ACTIVITY:
In the entries below, find the line with "神秘园之歌小提琴大提琴钢琴三重奏谱" and the line with "D'abord Maman Ensuite". Return those two lines and all lines between them, exactly.

SUPPLIED RECORDS:
<<<<

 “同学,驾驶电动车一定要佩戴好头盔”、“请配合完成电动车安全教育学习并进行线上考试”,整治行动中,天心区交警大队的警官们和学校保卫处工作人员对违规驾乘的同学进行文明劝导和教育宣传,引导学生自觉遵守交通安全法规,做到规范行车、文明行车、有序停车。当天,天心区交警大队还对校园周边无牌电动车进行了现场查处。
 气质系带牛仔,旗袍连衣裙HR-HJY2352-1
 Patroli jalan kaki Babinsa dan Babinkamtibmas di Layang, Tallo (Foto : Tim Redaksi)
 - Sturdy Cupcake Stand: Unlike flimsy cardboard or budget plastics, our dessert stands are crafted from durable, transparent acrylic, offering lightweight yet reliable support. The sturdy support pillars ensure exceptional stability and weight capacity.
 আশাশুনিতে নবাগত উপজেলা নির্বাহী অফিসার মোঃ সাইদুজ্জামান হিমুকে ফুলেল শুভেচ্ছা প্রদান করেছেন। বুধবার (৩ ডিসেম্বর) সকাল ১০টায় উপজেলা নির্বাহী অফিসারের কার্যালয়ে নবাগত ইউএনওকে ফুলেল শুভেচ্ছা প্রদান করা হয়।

>>>>
<<<<

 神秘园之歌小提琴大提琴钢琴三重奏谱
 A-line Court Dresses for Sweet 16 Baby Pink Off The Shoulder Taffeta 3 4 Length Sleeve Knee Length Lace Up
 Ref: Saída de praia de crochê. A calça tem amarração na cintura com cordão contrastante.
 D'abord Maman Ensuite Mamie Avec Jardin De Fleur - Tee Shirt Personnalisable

>>>>
<<<<

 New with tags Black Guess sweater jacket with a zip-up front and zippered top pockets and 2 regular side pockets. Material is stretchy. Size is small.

>>>>

RESPONSE FOR THIS EXERCISE:
 神秘园之歌小提琴大提琴钢琴三重奏谱
 A-line Court Dresses for Sweet 16 Baby Pink Off The Shoulder Taffeta 3 4 Length Sleeve Knee Length Lace Up
 Ref: Saída de praia de crochê. A calça tem amarração na cintura com cordão contrastante.
 D'abord Maman Ensuite Mamie Avec Jardin De Fleur - Tee Shirt Personnalisable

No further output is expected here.